[ANN][AUDIT] AuditStarter - the main crowdfunding platform in software security

As part of the AuditStarter project, our CTO Dmitry Kotelnikov wrote a manifesto. We are really interested in your opinion on the idea to attract and interest the community of ordinary users in the problem of software security (especially in the field of blockchain, where, as a rule, there is no centralized support service that you can contact and get an answer - how, where and why the funds/data disappeared).

Manifesto

What do you know about software security? I think no need to explain how important this is. Every day you use software in which you are not completely sure. Hacks, vulnerabilities, theft of data and finances occur every day, and as systems become more complex over the years, the security problem becomes more acute. Now we are fully confident that the software developers themselves must provide secure code. And in this we are right, but not always it turns out. Checking code for security or searching for vulnerabilities is often more expensive than writing this code itself.

Large companies are actively moving in this direction, providing us with a safe environment (operating systems). They have funds for security, they are able to release security updates in advance and conduct checks. But even they are at risk for many reasons, one of which is manifested in the absence of an independent parallel verification. Companies rely on their own security department, which can work very inefficiently. In addition to large software & OS development companies, there is a user’s (custom) software. This market is huge, and it is also critically vulnerable in terms of security and user protection. As practice shows, even free software (open source code - anyone can check) does not provide the proper level of security: for years in use libraries & software with vulnerabilities. Developers very often rely on the competence of their colleagues or the community and use potentially dangerous code that no one has ever checked (an example of using the open source library with the vulnerability in whatsapp, which is still in use by many applications). As for the little-known software, the situation in it is even worse: the developers simply do not have enough money even for the simplest verification. There are many examples, but not here and not now. At the moment, I am trying to pay increased attention to this problem in general terms.
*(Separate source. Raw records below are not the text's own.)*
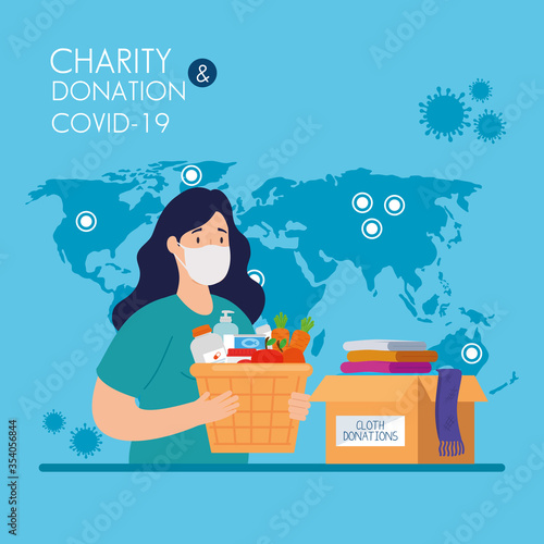 Woman vaccination and doctors with masks against 2019 ncov virus vector design
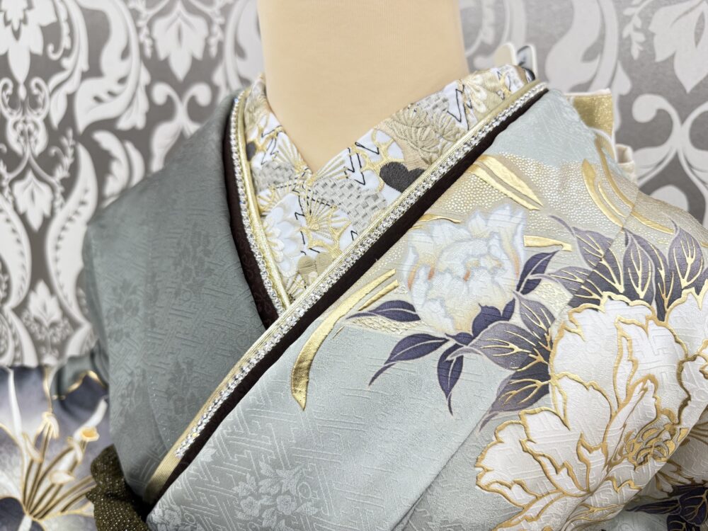 全体を通して、淡いグレーグリーンの上品さと、牡丹と百合の華やかで格調高い柄、そしてシックな小物づかいが絶妙にマッチした、大人の魅力がたっぷり詰まったコーディネートです。
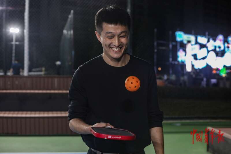 10月11日,辽宁丹东新区玉带河公园,前来参加匹克球主题交友会的年轻人小董在练习颠球。中青报·中青网记者 孔斯琪/摄
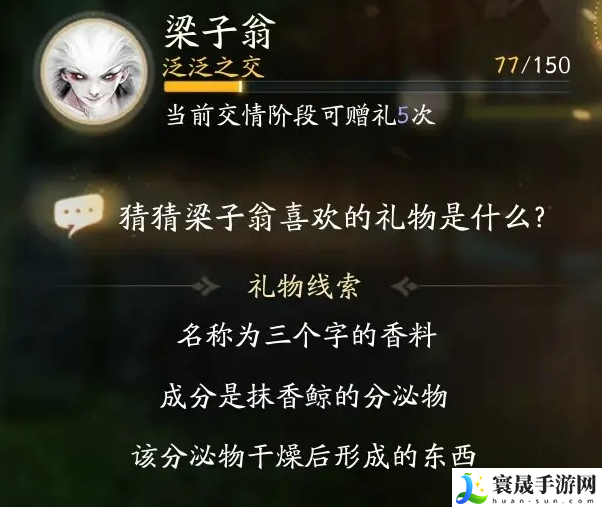 礼物线索二:名称为三个字的香料,成分是抹香鲸的分泌物,该分泌物干燥后形成的东西。
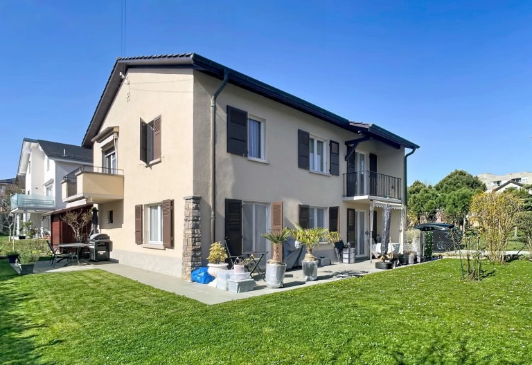 In a highly sought-after residential area on the heights of Renens, this 2-family house with approx. 130 m2 of living space enjoys an exceptional location that is rare on the market. Ideally located just a few minutes from the city center, universities (HEIG-VD, EPFL, UNIL), public transport and motorway access, it offers a peaceful, green living environment, while remaining perfectly connected to Lausanne and the surrounding area.
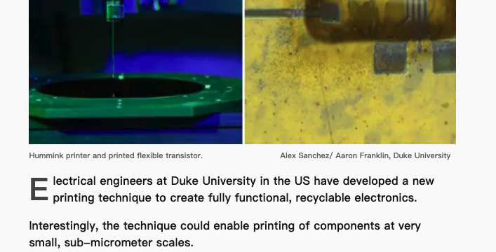【环球网科技综合报道】10月21日消息,据外媒报道,美国杜克大学的电气工程师取得重大突破,成功开发出一种全新的印刷技术,该技术能够制造出功能完备且可回收的电子产品,为电子行业可持续发展带来新可能。
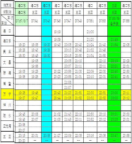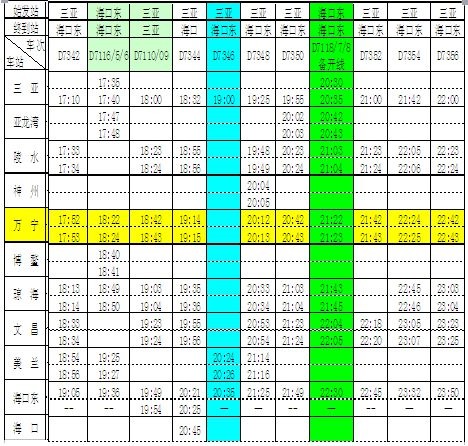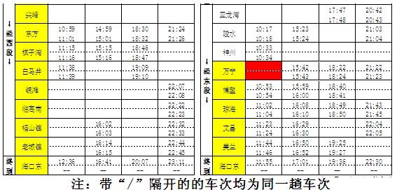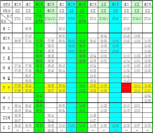 (注:绿色为凭调度命令开行列车,蓝色为直达列车,红色为本站(万宁)通过列车,浅绿色为环岛列车)
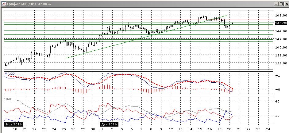 На четырёхчасовом графике пара перешла к снижению: относительные максимумы и минимумы пары снижаются с 15 декабря. Пара преодолела уровень предыдущего относительного минимума и находящуюся рядом зону поддержи у 145,50. По индикаторам направленного движения пара перешла к снижению: DM- сейчас выше DM+, гистограмма MACD снижается в отрицательной зоне, линия MACD сохраняет отрицательный наклон. Ближайшее сопротивление — на 146,70. Скорее, снижение пары в этом масштабе будет продолжаться с целью на 143,00 (сильный уровень поддержки).

I believe that it is necessary to change the approach to checks and methods of searching for vulnerabilities and software security breaches. It is necessary to introduce new approaches, increase the number of checks, attract the necessary funds for security with the participation of all interested parties. Necessary checks must be made in advance, rather than waiting for hacking and loss of information, count losses and eliminate vulnerabilities after their use by hackers. In addition, I consider it necessary to reduce the cost of these checks and increase their availability. It is also necessary to change the approach of security specialists to their programs, moving from firefighting (fixing vulnerabilities after hacking) to fire protection (previously tested secure code).

At the moment, there are already exists a lot of the necessary software for the verification. Of course, its wider application is necessary. But no software cannot replace verification by human. Certainly, the checks do not guarantee the elimination of all vulnerabilities in 100%, but undoubtedly improves the quality and security of the code. Each parallel inspection also increases the probability of finding a vulnerability and increases the security of the software.

In the field of security, it is necessary to use blockchain technology, which will make it possible to create a unified decentralized database of signed verified software releases with a history of checks and verifiers. Also, the development of web3, requires enhanced integration between users and developers in the field of software security.

The main message of this manifesto is to get the attention of the user`s community to the safety of the software used. Users should not just rely on the integrity of developers. Users should be aware of whether the security checks for the software they use have passed. Users should be interested in bringing together user communities, developer communities, and software security professionals. Everyone will benefit from such a union. Users will have confidence that the software they use is safe, and developers will have confidence that their code is safe. Currently, user participation is necessary for many reasons, the main of which is the reduction in the cost of checks, an increase in the number of checks and feedback from specialists in the field of software security. The community of software users far exceeds the community of specialists in the field of software security. And even a small participation of users able to significantly improve security and become more confident in the future. Together we will make this world a little better!